**WHAT TO WORK ON**: Once you find the line with "中新网5月19日电 中国国家" in the entries below, print it and each line after it up to and including the line with "Primo piano dedicato", exactly, without pictures.

Items listed in a dataset:
- Opening Delimiter -
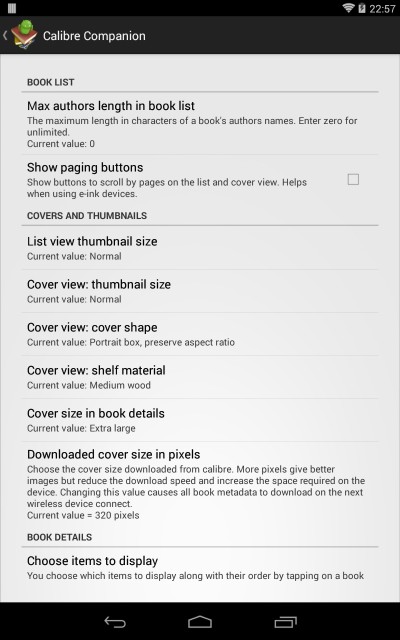 Choose the maximum resolution of covers imported from Calibre. More pixels give better images but increase download times and storage requirements. Changing the value causes all book metadata to download on the next wireless connect.
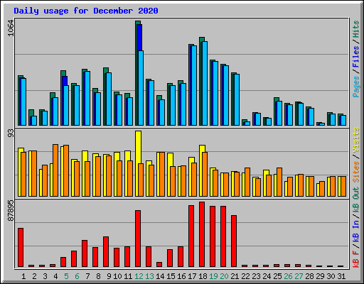 | Day | Hits | Files | Pages | Visits | Sites | kB F | kB In | kB Out | ||||||||
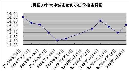 中新网5月19日电 中国国家发改委网站消息,据发改委价格监测中心监测,上周(5.12-5.16,下同)全国36个大中城市猪肉(精瘦肉)平均零售价格每500克为14.37元,比前一周(5.5-5.9,下同)略涨0.21%。
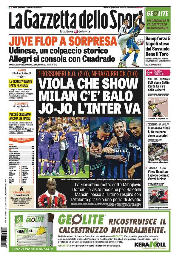 Primo piano dedicato al risultato delle milanesi in questa prima giornata di campionato, sulla prima pagina di oggi, lunedì 24 agosto, della Gazzetta dello Sport: “Viola che show, rossoneri k.o (2-o, ndr). Milan c’è Balo, domani le visite mediche. Jo-Jo, l’Inter va (nerazzurri ok 1-0 all’Atalanta)”.
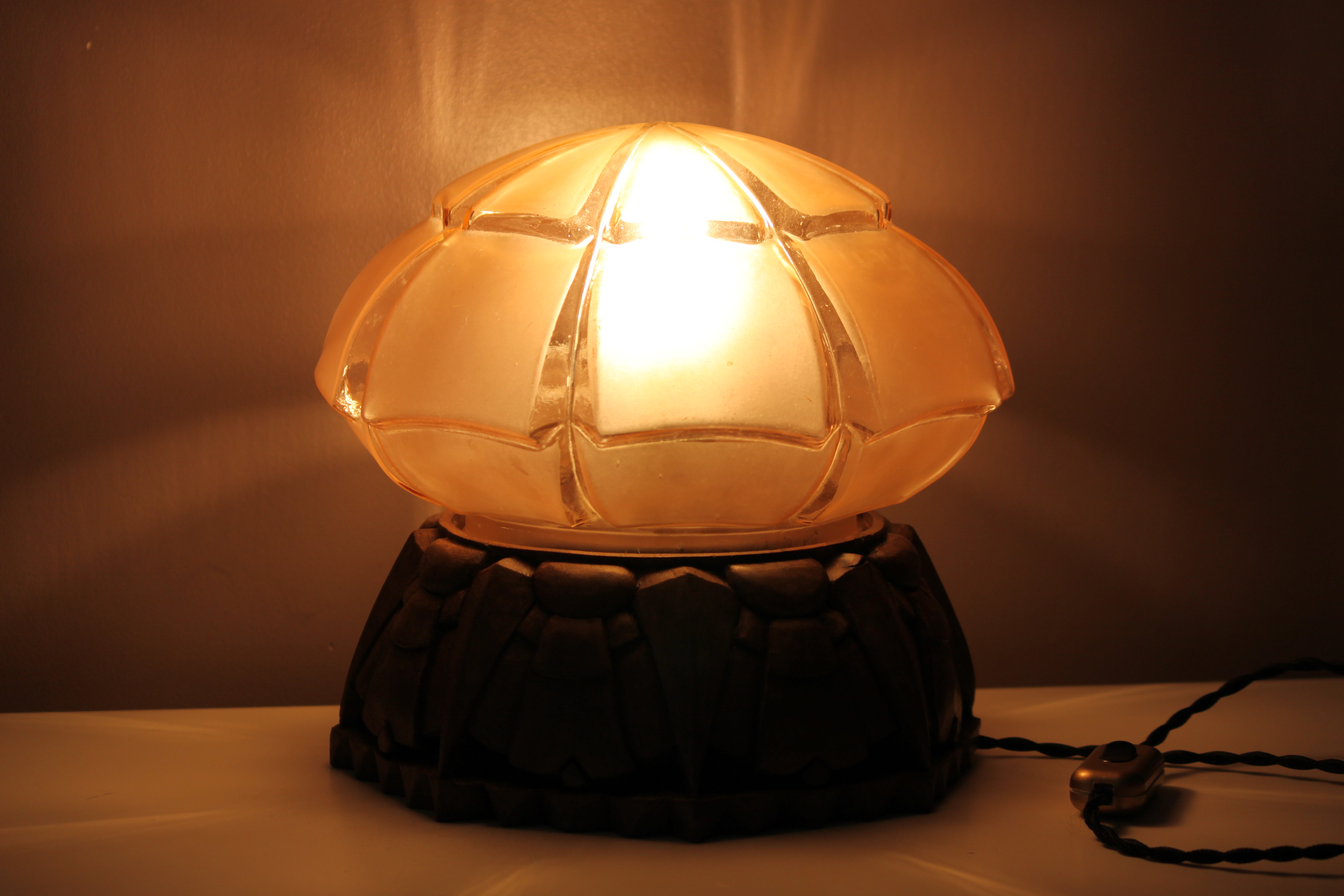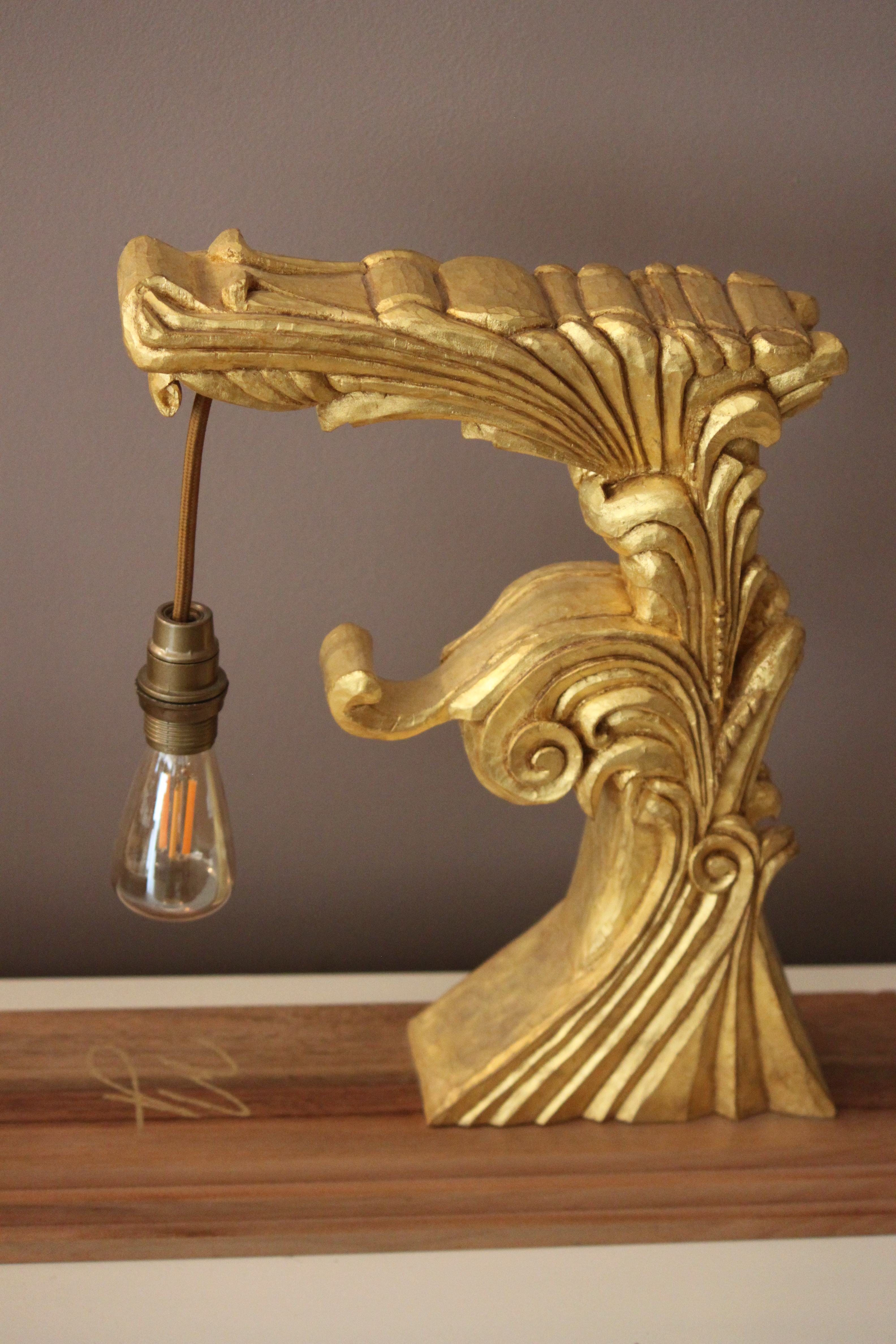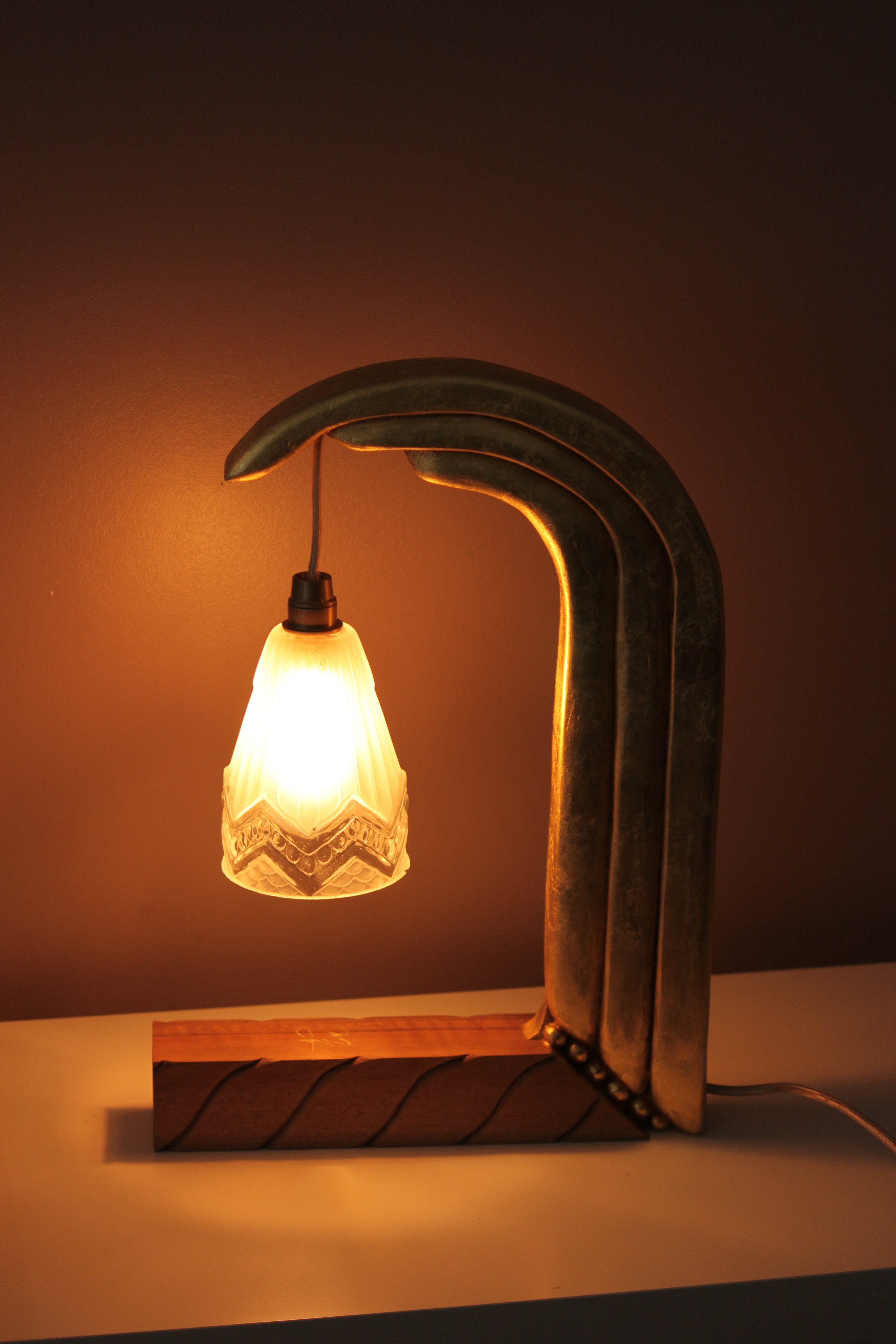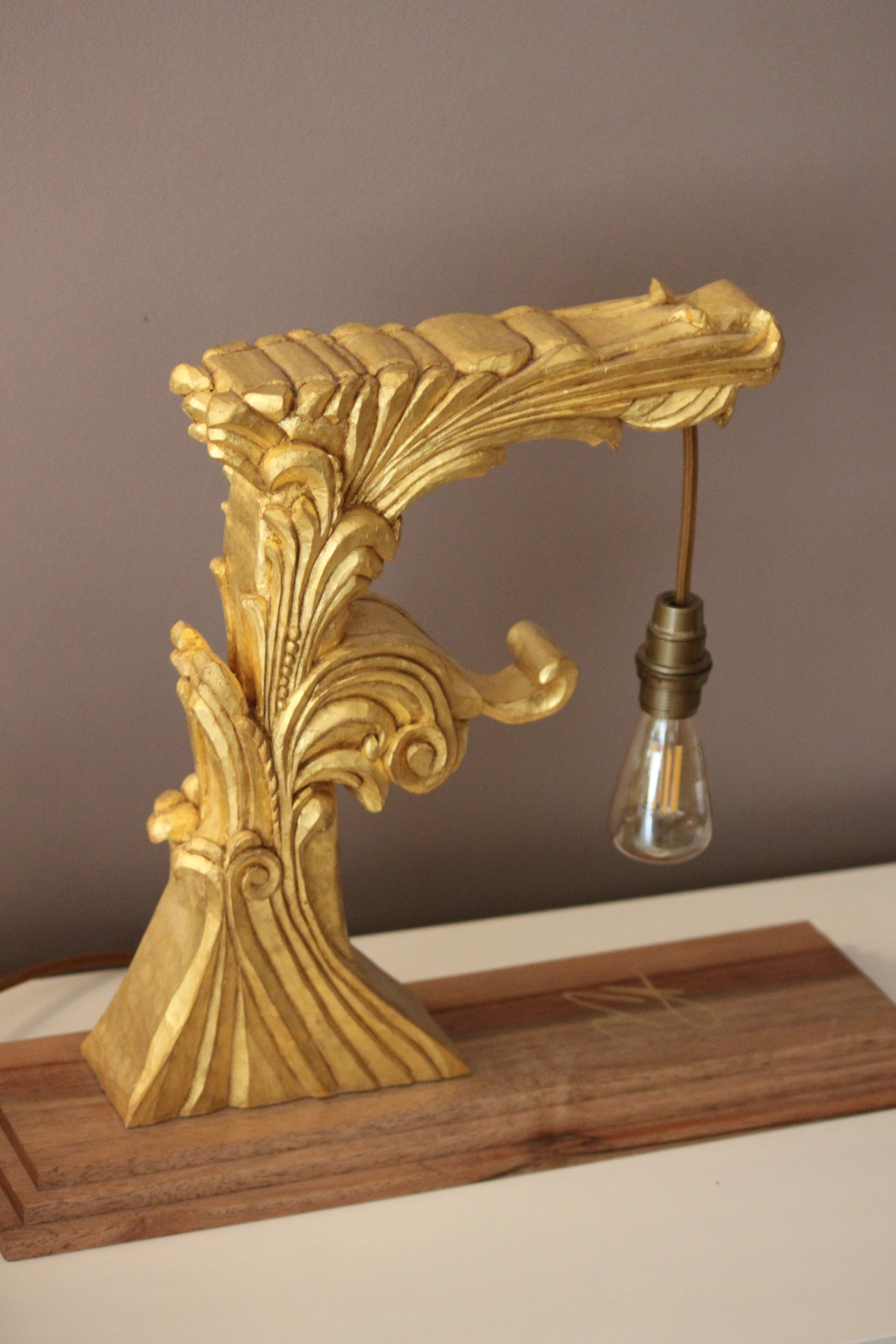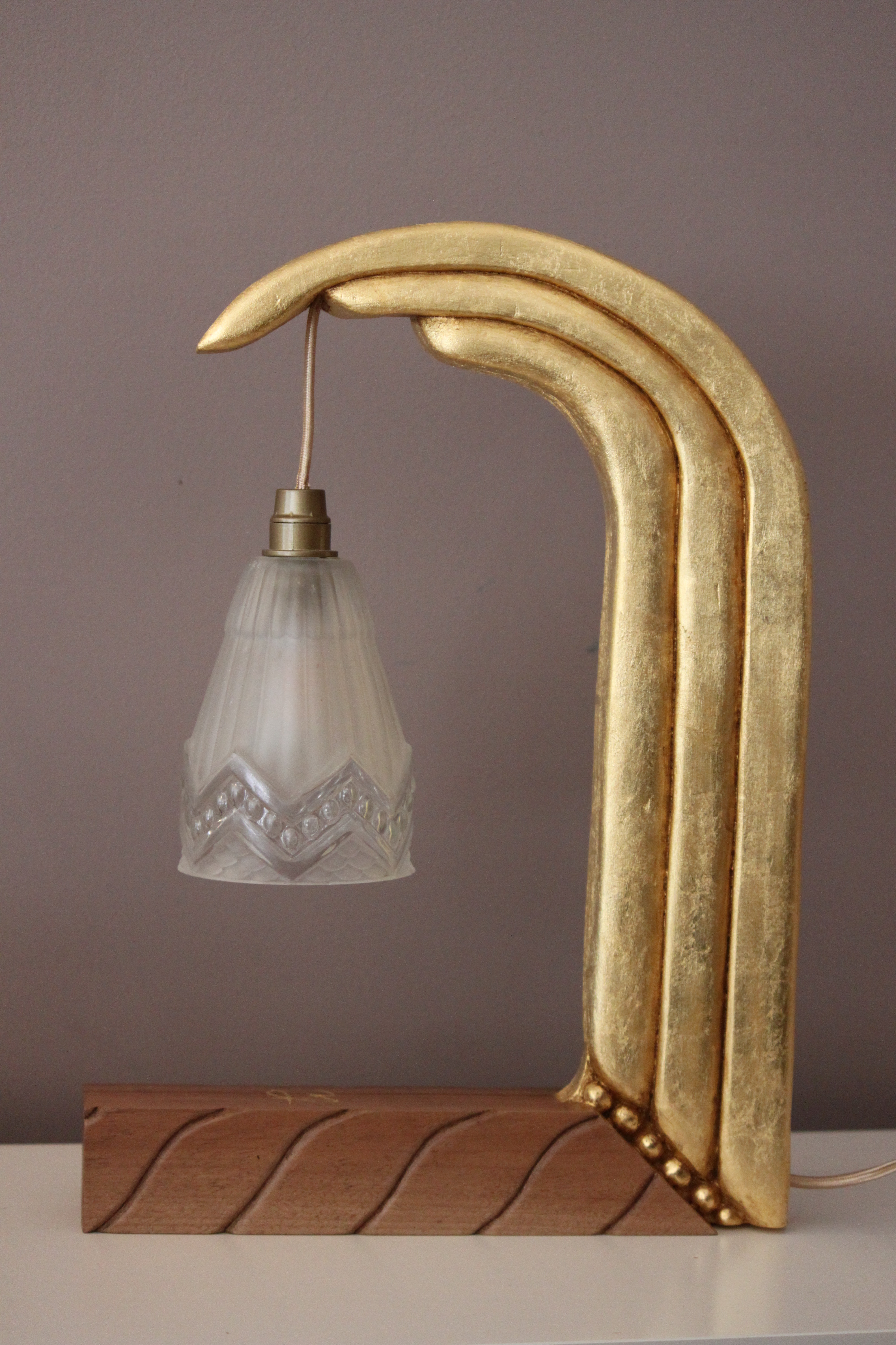 Luminaires d’inspiration Art Déco en bois sculpté.
- Closing Delimiter -
**THE ANSWER**:
 中新网5月19日电 中国国家发改委网站消息,据发改委价格监测中心监测,上周(5.12-5.16,下同)全国36个大中城市猪肉(精瘦肉)平均零售价格每500克为14.37元,比前一周(5.5-5.9,下同)略涨0.21%。
 Primo piano dedicato al risultato delle milanesi in questa prima giornata di campionato, sulla prima pagina di oggi, lunedì 24 agosto, della Gazzetta dello Sport: “Viola che show, rossoneri k.o (2-o, ndr). Milan c’è Balo, domani le visite mediche. Jo-Jo, l’Inter va (nerazzurri ok 1-0 all’Atalanta)”.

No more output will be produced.